### WHAT TO PRODUCE
Exactly as they appear, copy the lines from the one holding "దీని పేజీలు ప్రార్ధన" through the end of the records, leaving pictures out.

### DATASET RECORDS
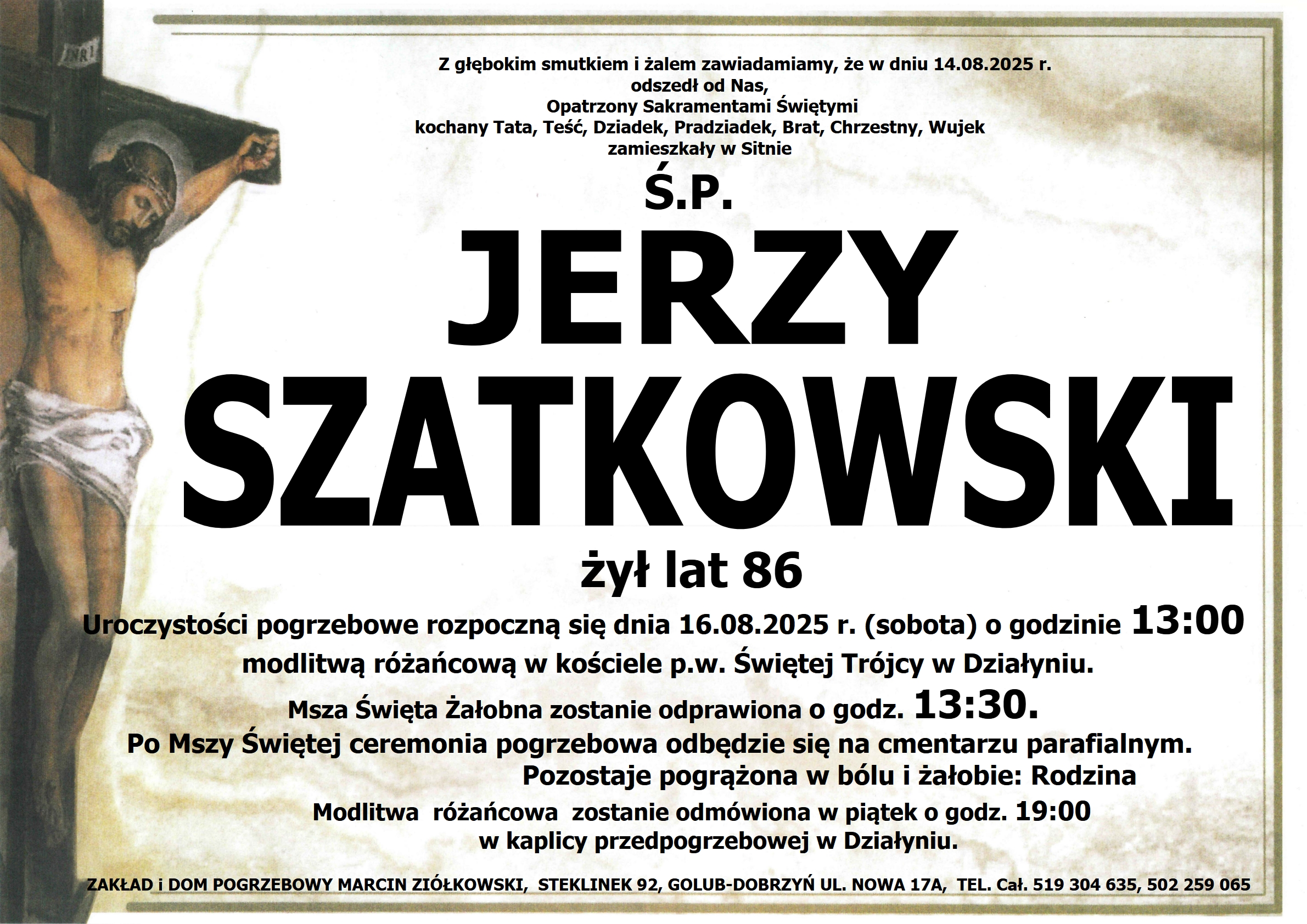 Ceremonia pożegnalna: 16.08.2025 o godz. 13:00 kościół p.w. Świętej Trójcy w Działyniu
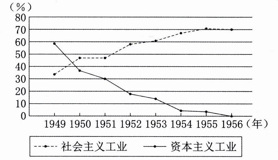 材料二 新中国成立后我国工业产值中部分经济成分所占比重图。
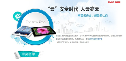 瑞星攜手云云打造完美“云”體驗 免費得iPad3
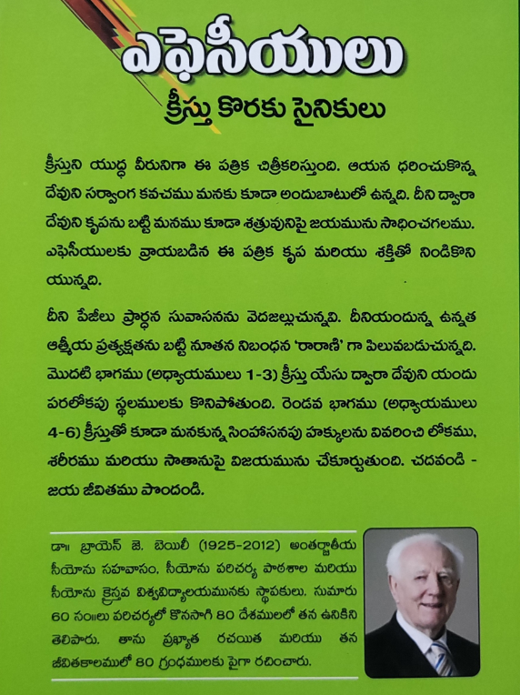 దీని పేజీలు ప్రార్ధన సువాసనను వెదజల్లుచున్నవి. దీనియందున్న ఉన్నత ఆత్మీయ ప్రత్యక్షతను బట్టి నూతన నిబంధన ‘రారాణి’ గా పిలువబడుచున్నది. మొదటి భాగము (అధ్యాయములు 1-3) క్రీస్తు యేసు ద్వారా దేవుని యందు పరలోకపు స్థలములకు కొనిపోతుంది. రెండవ భాగము (అధ్యాయములు 4-6) క్రీస్తుతో కూడా మనకున్న సింహాసనపు హక్కులను వివరించి లోకము, శరీరము మరియు సాతానుపై విజయమును చేకూర్చుతుంది. చదవండి – జయ జీవితము పొందండి.
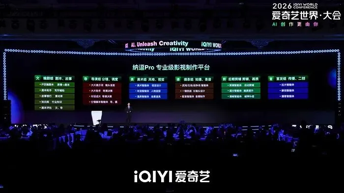 4 月 20 日爱奇艺世界大会上,平台高调官宣纳逗 Pro AI 艺人库,宣称已有超百位艺人入库合作,现场点名马苏、陈哲远等人,对外标榜这套技术能够对接创作资源、“解放演员生产力”。

### EXERCISE SOLUTION
 దీని పేజీలు ప్రార్ధన సువాసనను వెదజల్లుచున్నవి. దీనియందున్న ఉన్నత ఆత్మీయ ప్రత్యక్షతను బట్టి నూతన నిబంధన ‘రారాణి’ గా పిలువబడుచున్నది. మొదటి భాగము (అధ్యాయములు 1-3) క్రీస్తు యేసు ద్వారా దేవుని యందు పరలోకపు స్థలములకు కొనిపోతుంది. రెండవ భాగము (అధ్యాయములు 4-6) క్రీస్తుతో కూడా మనకున్న సింహాసనపు హక్కులను వివరించి లోకము, శరీరము మరియు సాతానుపై విజయమును చేకూర్చుతుంది. చదవండి – జయ జీవితము పొందండి.
 4 月 20 日爱奇艺世界大会上,平台高调官宣纳逗 Pro AI 艺人库,宣称已有超百位艺人入库合作,现场点名马苏、陈哲远等人,对外标榜这套技术能够对接创作资源、“解放演员生产力”。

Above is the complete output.